Brief: Please return exactly the lines from the beginning of the listing up to and including the line with "3、相機坐標系(Xc,Yc,Zc):相機", with no pictures.

Recorded data:
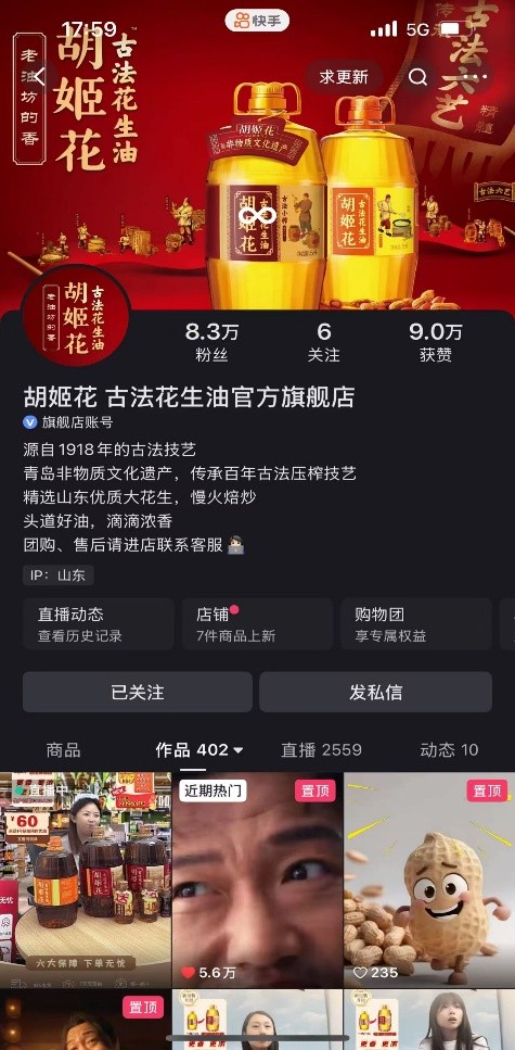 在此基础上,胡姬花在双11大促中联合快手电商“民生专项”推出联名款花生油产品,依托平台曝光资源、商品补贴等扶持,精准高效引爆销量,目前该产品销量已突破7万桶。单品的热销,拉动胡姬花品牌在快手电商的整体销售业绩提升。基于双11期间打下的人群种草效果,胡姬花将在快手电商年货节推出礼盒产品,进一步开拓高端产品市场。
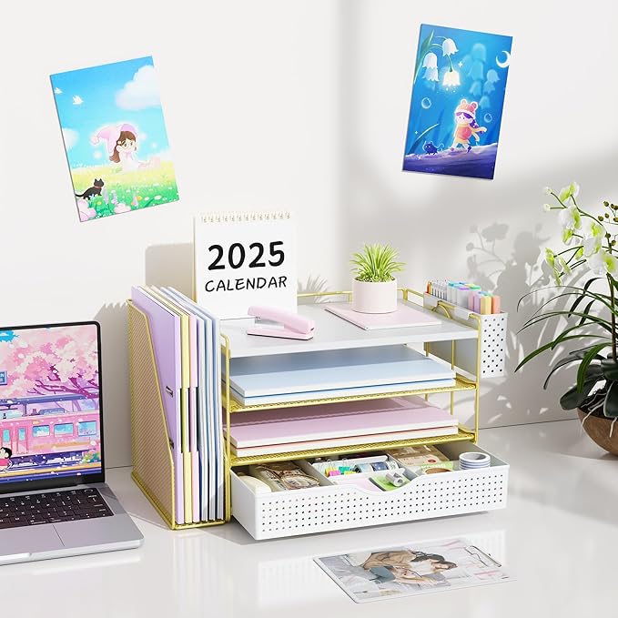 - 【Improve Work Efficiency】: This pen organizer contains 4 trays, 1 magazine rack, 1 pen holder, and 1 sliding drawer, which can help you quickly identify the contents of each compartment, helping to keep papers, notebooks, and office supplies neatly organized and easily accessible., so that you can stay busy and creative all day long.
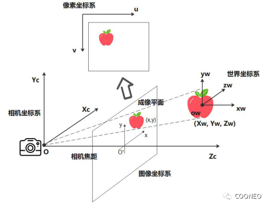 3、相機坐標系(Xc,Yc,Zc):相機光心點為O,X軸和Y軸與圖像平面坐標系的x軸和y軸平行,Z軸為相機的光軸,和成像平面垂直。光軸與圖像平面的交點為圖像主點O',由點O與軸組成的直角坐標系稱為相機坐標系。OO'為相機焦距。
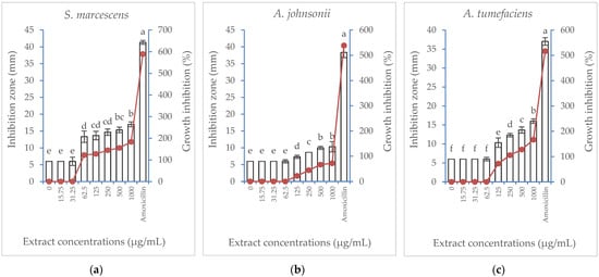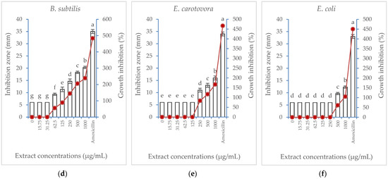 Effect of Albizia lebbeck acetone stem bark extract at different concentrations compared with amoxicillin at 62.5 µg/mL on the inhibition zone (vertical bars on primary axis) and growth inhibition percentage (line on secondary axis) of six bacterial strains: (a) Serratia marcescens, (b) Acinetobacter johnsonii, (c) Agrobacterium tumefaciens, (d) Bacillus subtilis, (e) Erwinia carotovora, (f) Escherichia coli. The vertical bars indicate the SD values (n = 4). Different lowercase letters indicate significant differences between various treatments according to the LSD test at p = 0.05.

Solution for this task:
 在此基础上,胡姬花在双11大促中联合快手电商“民生专项”推出联名款花生油产品,依托平台曝光资源、商品补贴等扶持,精准高效引爆销量,目前该产品销量已突破7万桶。单品的热销,拉动胡姬花品牌在快手电商的整体销售业绩提升。基于双11期间打下的人群种草效果,胡姬花将在快手电商年货节推出礼盒产品,进一步开拓高端产品市场。
 - 【Improve Work Efficiency】: This pen organizer contains 4 trays, 1 magazine rack, 1 pen holder, and 1 sliding drawer, which can help you quickly identify the contents of each compartment, helping to keep papers, notebooks, and office supplies neatly organized and easily accessible., so that you can stay busy and creative all day long.
 3、相機坐標系(Xc,Yc,Zc):相機光心點為O,X軸和Y軸與圖像平面坐標系的x軸和y軸平行,Z軸為相機的光軸,和成像平面垂直。光軸與圖像平面的交點為圖像主點O',由點O與軸組成的直角坐標系稱為相機坐標系。OO'為相機焦距。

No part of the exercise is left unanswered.